Ollama

Ollama: Smarter Sampling and Crash Prevention

Jeffrey Morgan merged two key improvements today - a substantial enhancement to the sampling system with repeat-based sampling capabilities, and a crucial fix preventing crashes in the Qwen3Next model's DeltaNet when using split offloading. The team also collaborated with community contributor Yossi Ovadia on the crash fix.

Duration: PT3M49S

https://podlog.io/listen/ollama-3aed006f/episode/ollama-smarter-sampling-and-crash-prevention-fcabbfd5

Transcript

Hey there, amazing developers! Welcome back to another episode of the Ollama podcast. I'm your host, and wow, do we have some exciting updates to dig into today, March 2nd, 2026. Grab your favorite beverage because we're talking about some really thoughtful improvements that are going to make your AI experiences smoother and more powerful.

Let's jump right into the big story of the day - Jeffrey Morgan just merged a fantastic enhancement to Ollama's sampling system. This is one of those changes that might sound technical at first, but it's actually pretty exciting when you think about what it means for your models.

So what's repeat-based sampling? Think of it like giving your AI a better memory about what it just said. You know how sometimes when you're talking, you might catch yourself repeating a word or phrase, and you naturally course-correct? That's essentially what this new sampling system does for language models. It looks at the token history - basically the recent words the model has generated - and uses that information to make smarter decisions about what comes next.
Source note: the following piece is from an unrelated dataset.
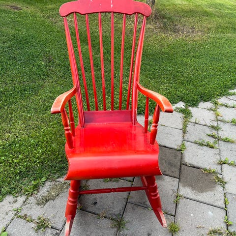 Keinutuoli on tukeva ja hyväkuntoinen. Istuimen päällä muutama raapu ja vähän kulumaa käsinojien päässä.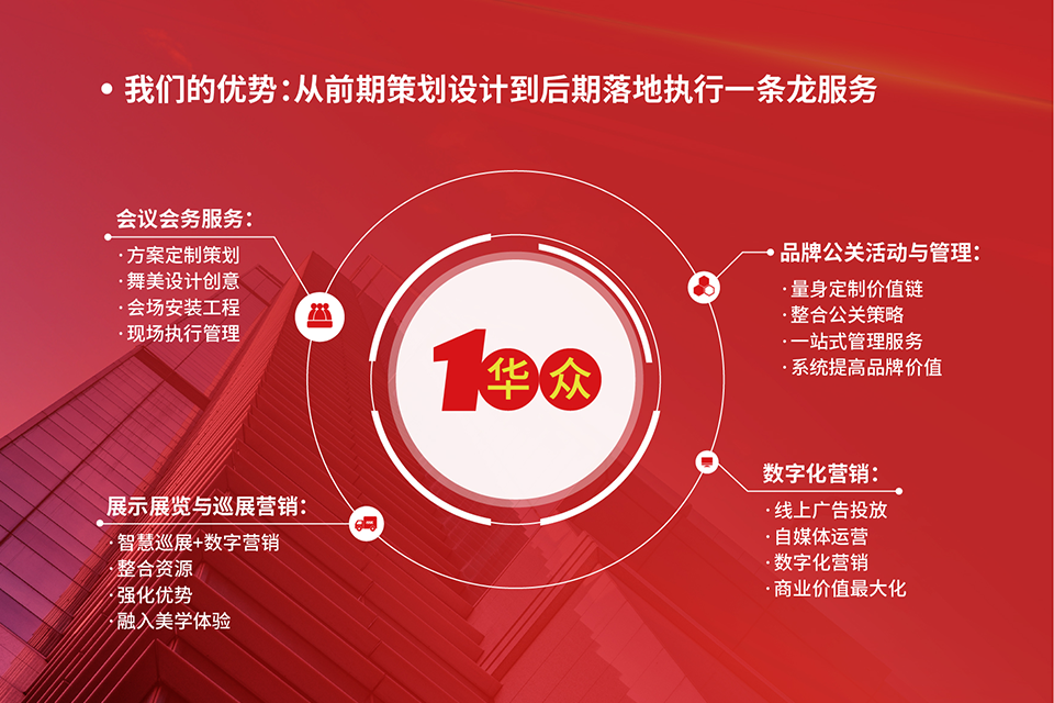 華眾傳媒集團(tuán)是在大數(shù)據(jù)網(wǎng)絡(luò)和新消費(fèi)交互時(shí)代為企業(yè)及其品牌全面賦能的營銷戰(zhàn)略公關(guān)公司。華眾傳媒集團(tuán)成立于2006年,總部設(shè)在青島,在北京、上海、廣州建立分公司,公司云集數(shù)百名公關(guān)、數(shù)字、營銷、設(shè)計(jì)等業(yè)界精英人才,旗下隸屬分公司有:北京華友世紀(jì)文化傳媒有限公司、上海天諾盛世廣告策劃有限公司和青島華和影視文化傳媒有限公司等多家子公司。公司積累了豐富的數(shù)字媒體、政府、時(shí)尚、圈層KOL等行業(yè)資源,服務(wù)項(xiàng)目輻射全國。業(yè)務(wù)范圍包含品牌公關(guān)活動(dòng)與管理、數(shù)字化營銷、自媒體運(yùn)營、影視傳媒制作、品牌巡展、網(wǎng)紅快閃店等多個(gè)板塊,涵蓋公關(guān)傳播與整合營銷的完整產(chǎn)業(yè)鏈。

The implementation here is really solid too. Jeffrey added 193 lines of new code across 8 files, touching everything from the core API types to the documentation, and even adding comprehensive tests. I love seeing changes that come with proper test coverage - that's exactly the kind of thoughtful development that makes a codebase reliable and maintainable.

What's particularly cool is that this isn't just a behind-the-scenes improvement. The team updated the modelfile documentation too, which means you'll actually be able to configure and experiment with these new sampling parameters. That's the kind of user-focused thinking that makes Ollama such a joy to work with.

Now, let's talk about the second major change - a crash fix for the Qwen3Next model. This one has a great collaboration story behind it. Community contributor Yossi Ovadia identified and started work on fixing a crash that was happening in DeltaNet during split offloading. Jeffrey carried that work forward, but here's where it gets interesting - he didn't just fix the crash, he also optimized the performance.

The original issue was causing crashes when you were offloading model parts, which is a pretty critical feature for folks running larger models on systems with mixed GPU and CPU resources. But Jeffrey noticed that the fix could also address a performance bottleneck where long concat-chains were slowing down longer prompts. So he killed two birds with one stone - fixed the crash and made longer conversations faster. That's the kind of thoughtful problem-solving that I absolutely love to see.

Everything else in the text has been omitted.